Top of Supplied data

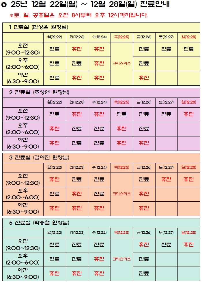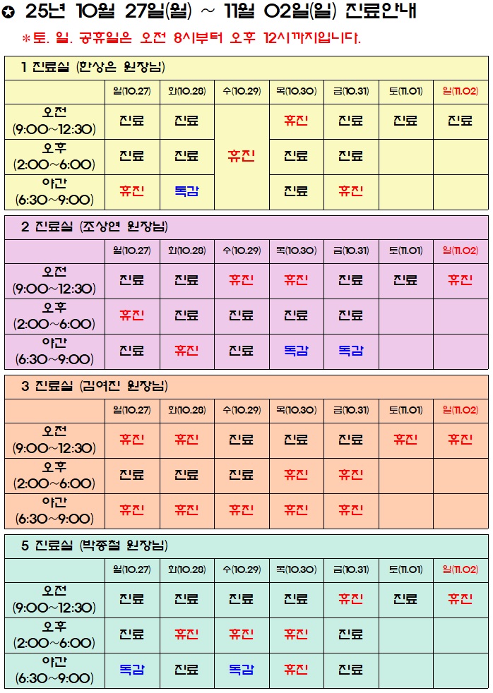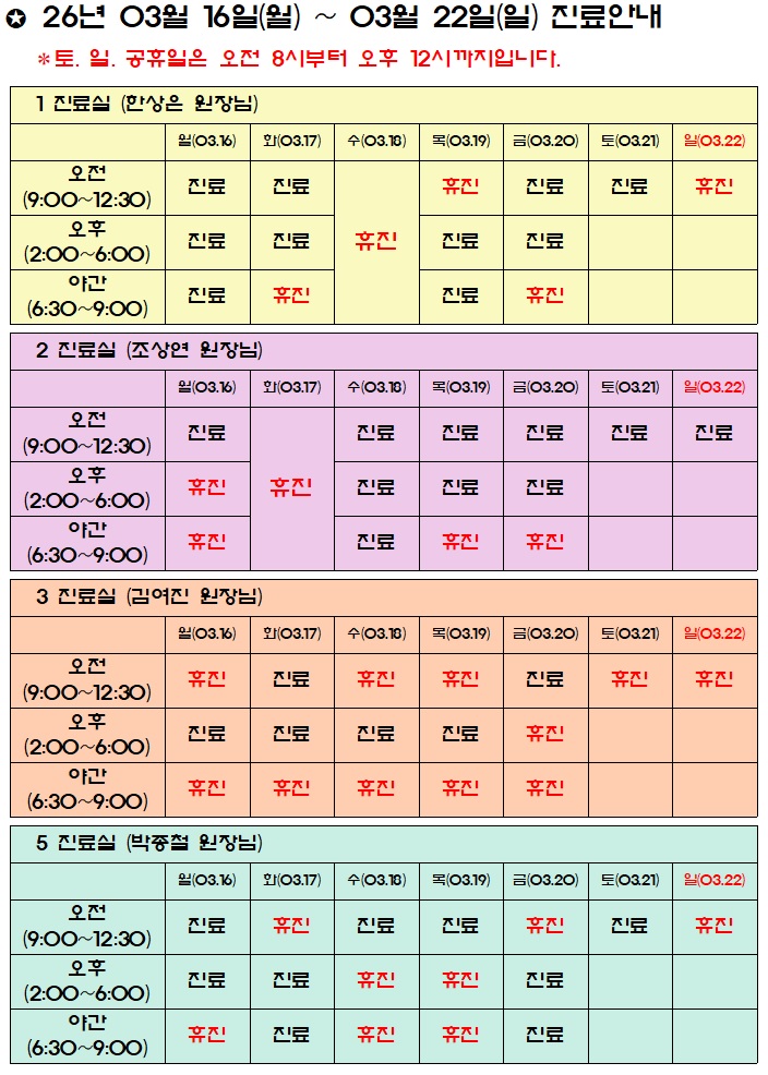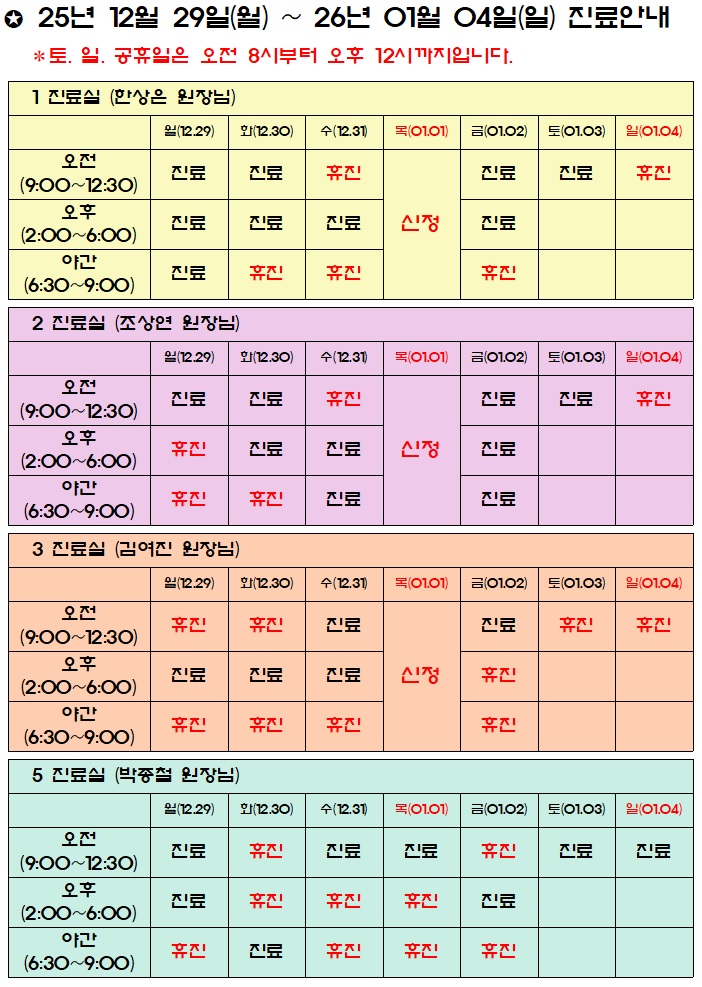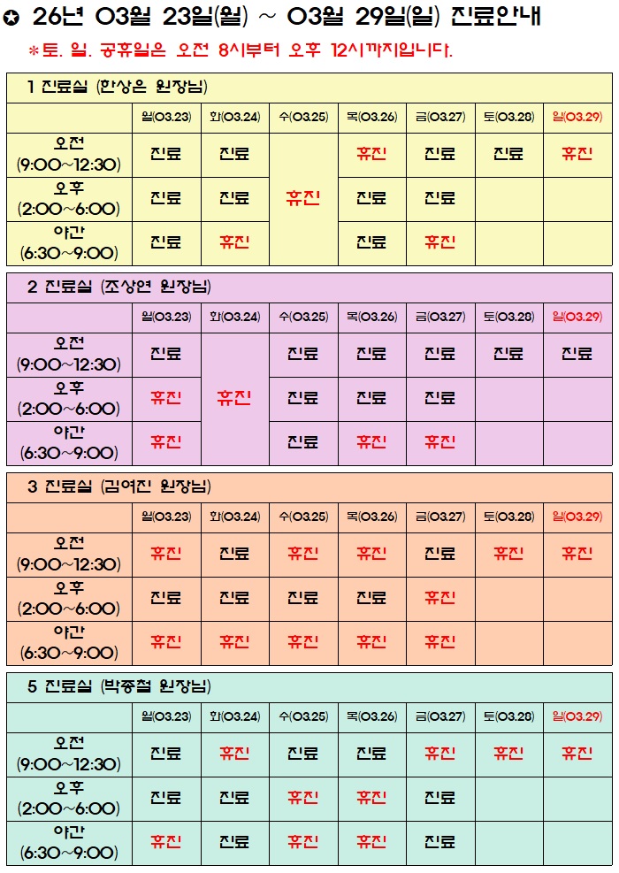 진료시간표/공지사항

Bottom of Supplied data
Top of Supplied data

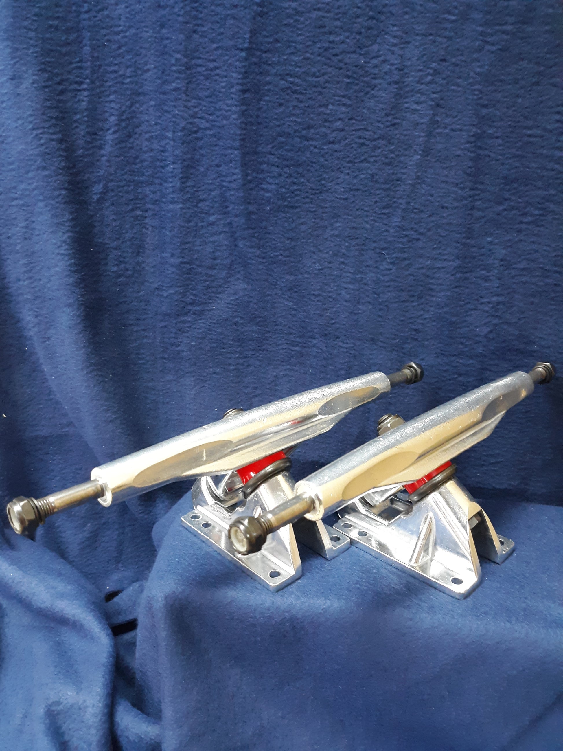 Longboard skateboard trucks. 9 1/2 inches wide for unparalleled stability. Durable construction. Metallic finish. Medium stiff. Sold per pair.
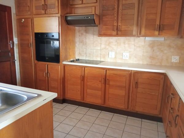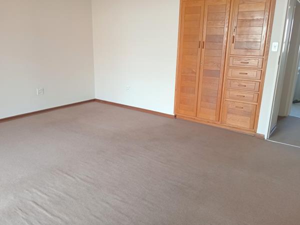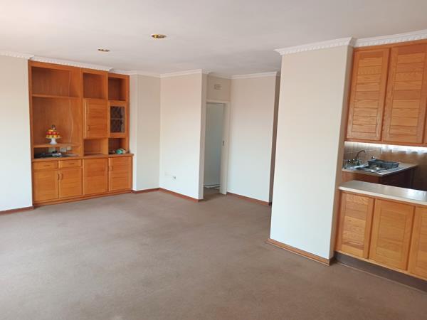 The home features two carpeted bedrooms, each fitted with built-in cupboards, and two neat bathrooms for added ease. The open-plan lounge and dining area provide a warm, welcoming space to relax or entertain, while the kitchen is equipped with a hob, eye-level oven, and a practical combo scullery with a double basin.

Bottom of Supplied data
Top of Supplied data

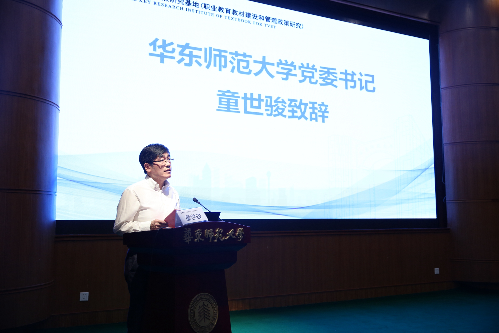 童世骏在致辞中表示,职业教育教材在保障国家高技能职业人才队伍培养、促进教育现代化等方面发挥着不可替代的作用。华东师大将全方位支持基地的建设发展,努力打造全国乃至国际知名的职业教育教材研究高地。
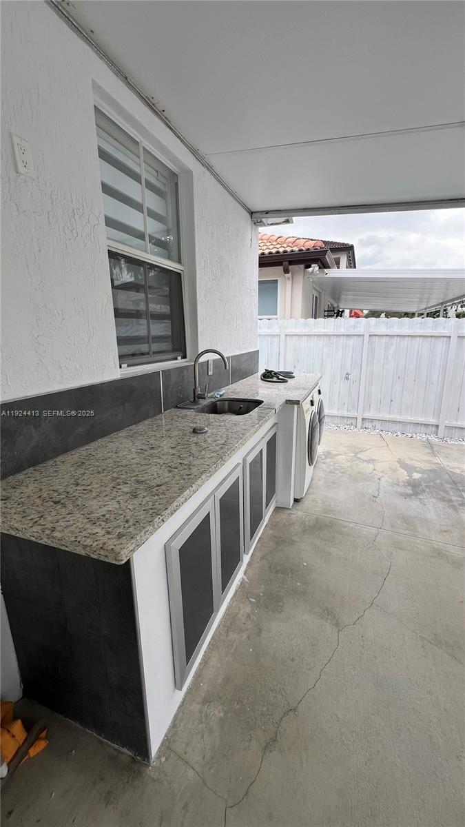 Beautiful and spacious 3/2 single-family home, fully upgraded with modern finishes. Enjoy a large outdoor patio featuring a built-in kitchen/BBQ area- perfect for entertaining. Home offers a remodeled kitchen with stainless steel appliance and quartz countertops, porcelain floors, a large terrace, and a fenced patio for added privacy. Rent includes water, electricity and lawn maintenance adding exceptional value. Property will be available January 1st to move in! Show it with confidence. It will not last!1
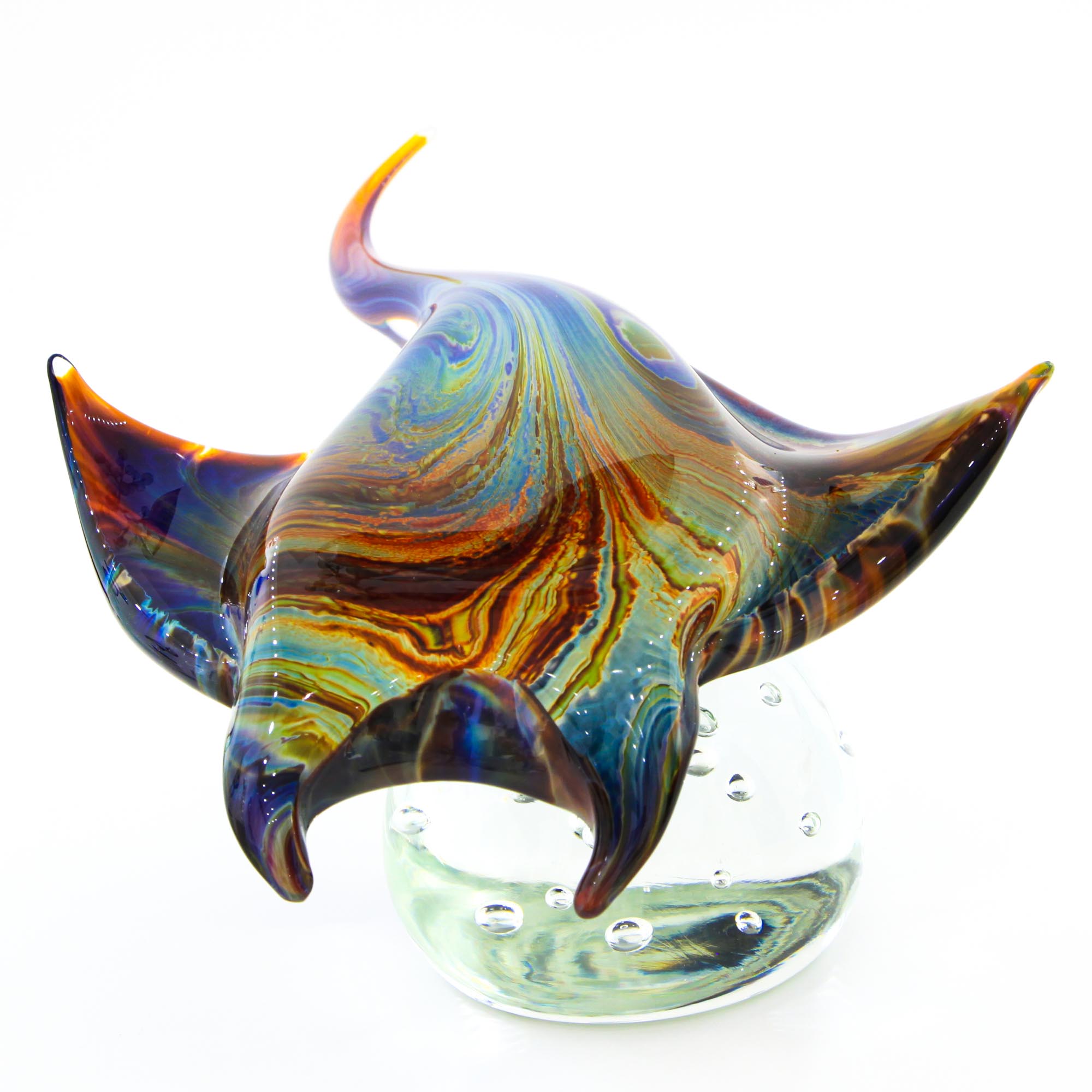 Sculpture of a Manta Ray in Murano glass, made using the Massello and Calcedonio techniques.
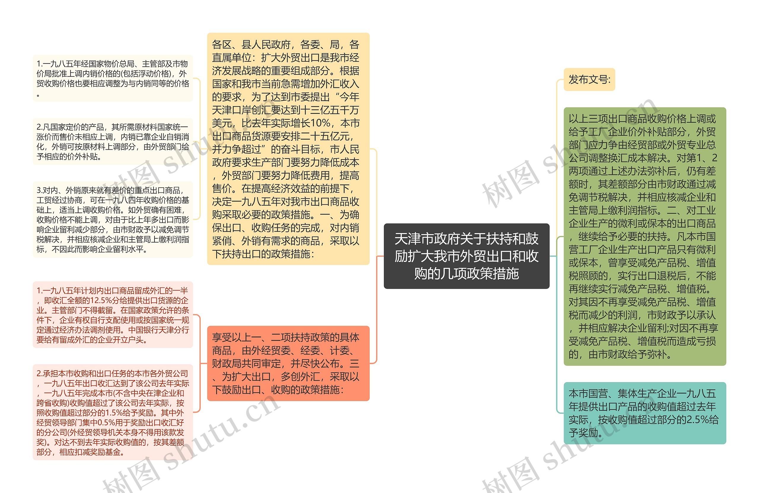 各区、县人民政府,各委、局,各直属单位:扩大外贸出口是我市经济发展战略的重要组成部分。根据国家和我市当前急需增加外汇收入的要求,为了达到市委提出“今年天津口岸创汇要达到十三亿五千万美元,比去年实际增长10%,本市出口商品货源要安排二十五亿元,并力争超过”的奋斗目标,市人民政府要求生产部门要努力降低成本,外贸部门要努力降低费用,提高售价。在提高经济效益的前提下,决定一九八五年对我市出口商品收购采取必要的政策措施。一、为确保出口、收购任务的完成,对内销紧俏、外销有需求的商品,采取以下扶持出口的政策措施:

Bottom of Supplied data

» Aim of the exercise:
Starting with the line that contains "Longboard skateboard trucks." and finishing with the line that contains "The home features", reproduce every line of the material above exactly, but not the pictures.

» Solved exercise:
 Longboard skateboard trucks. 9 1/2 inches wide for unparalleled stability. Durable construction. Metallic finish. Medium stiff. Sold per pair.
 The home features two carpeted bedrooms, each fitted with built-in cupboards, and two neat bathrooms for added ease. The open-plan lounge and dining area provide a warm, welcoming space to relax or entertain, while the kitchen is equipped with a hob, eye-level oven, and a practical combo scullery with a double basin.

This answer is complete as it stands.